# New 30qbhsle



## BigCTD (Jul 12, 2008)

Hi All,
First I would like to thank some members who have already helped me out with my new Outback. Egregg57 and wolfwood both recommended highly a local rv dealer. We picked up the new trailer last night, despite the tornadoes(unconfirmed) that caused much damage in NH. We have been RV'ing for many years now, we had a Coachmen for 10 years, I picked up an Outback 23rs last year for a good price. Decided to go bigger this year so we traded the 23rs for the 30QBHSLE. My original intent was to sell the 23rs to put towards the new trailer, however nobody was willing to pay 11,000 for it, so I traded it. I have been looking at different makes for the last year and my choices came down to Jayco or Outback, so far I am very pleased with the Outback. I would recommend to anyone living in or around NH to check out Campers Inn in Kingston, so far I am very pleased with the dealership. I felt they gave me a good trade in value and I was very happy with the overall purchase. If you go there talk with Rick Gage and tell him the Moser's sent you, you will not be sorry.

Thanks again and I look forward to the many discussions on this forum.


----------



## Eagleeyes (Aug 1, 2007)

BigCTD said:


> Hi All,
> First I would like to thank some members who have already helped me out with my new Outback. Egregg57 and wolfwood both recommended highly a local rv dealer. We picked up the new trailer last night, despite the tornadoes(unconfirmed) that caused much damage in NH. We have been RV'ing for many years now, we had a Coachmen for 10 years, I picked up an Outback 23rs last year for a good price. Decided to go bigger this year so we traded the 23rs for the 30QBHSLE. My original intent was to sell the 23rs to put towards the new trailer, however nobody was willing to pay 11,000 for it, so I traded it. I have been looking at different makes for the last year and my choices came down to Jayco or Outback, so far I am very pleased with the Outback. I would recommend to anyone living in or around NH to check out Campers Inn in Kingston, so far I am very pleased with the dealership. I felt they gave me a good trade in value and I was very happy with the overall purchase. If you go there talk with Rick Gage and tell him the Moser's sent you, you will not be sorry.
> 
> Thanks again and I look forward to the many discussions on this forum.

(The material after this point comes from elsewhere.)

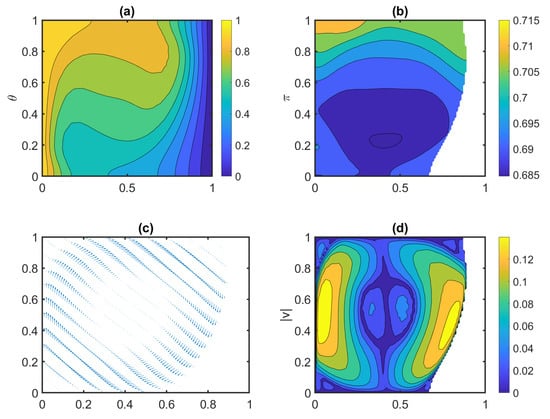 Final condition of PCM cell: (a) contours of dimensionless temperature, (b) contours of dimensionless pressure, (c) velocity vector, (d) contours of velocity magnitude.

Welcome, and its always good to have another new englander in the group (even though you must be from New Hampshire...)








Bob


----------



## bradnjess (Mar 25, 2007)

Congrats on the new Outback. You really did go big. I saw your other post about trading your 23rs and wondered if you were going to tease us for a while about what you traded it in for. Have fun. When's the first outing?

Brad


----------



## egregg57 (Feb 13, 2006)

Eagleeyes said:


> Hi All,
> First I would like to thank some members who have already helped me out with my new Outback. Egregg57 and wolfwood both recommended highly a local rv dealer. We picked up the new trailer last night, despite the tornadoes(unconfirmed) that caused much damage in NH. We have been RV'ing for many years now, we had a Coachmen for 10 years, I picked up an Outback 23rs last year for a good price. Decided to go bigger this year so we traded the 23rs for the 30QBHSLE. My original intent was to sell the 23rs to put towards the new trailer, however nobody was willing to pay 11,000 for it, so I traded it. I have been looking at different makes for the last year and my choices came down to Jayco or Outback, so far I am very pleased with the Outback. I would recommend to anyone living in or around NH to check out Campers Inn in Kingston, so far I am very pleased with the dealership. I felt they gave me a good trade in value and I was very happy with the overall purchase. If you go there talk with Rick Gage and tell him the Moser's sent you, you will not be sorry.
> 
> Thanks again and I look forward to the many discussions on this forum.


Welcome, and its always good to have another new englander in the group (even though you must be from New Hampshire...)









Bob

[/quote]

HEY! HEY! HEY!!!!


----------



## russlg (Jul 21, 2008)

You lucky Dog You!! I am curious, if you would spill... What did they give you in trade?? was it less than 11g's?? What year was the 23rs??

Enjoy it!!!!

Russ


----------



## mswalt (Sep 14, 2004)

Congrats on the new Outback!

Enjoy.

Mark


----------



## skippershe (May 22, 2006)

CONGRATULATIONS!!


----------



## campfirenut (Aug 9, 2006)

CONGRATS on the new TT

Bob


----------



## Sayonara (Jul 23, 2007)

*WELCOME AND CONGRATS !!!*


----------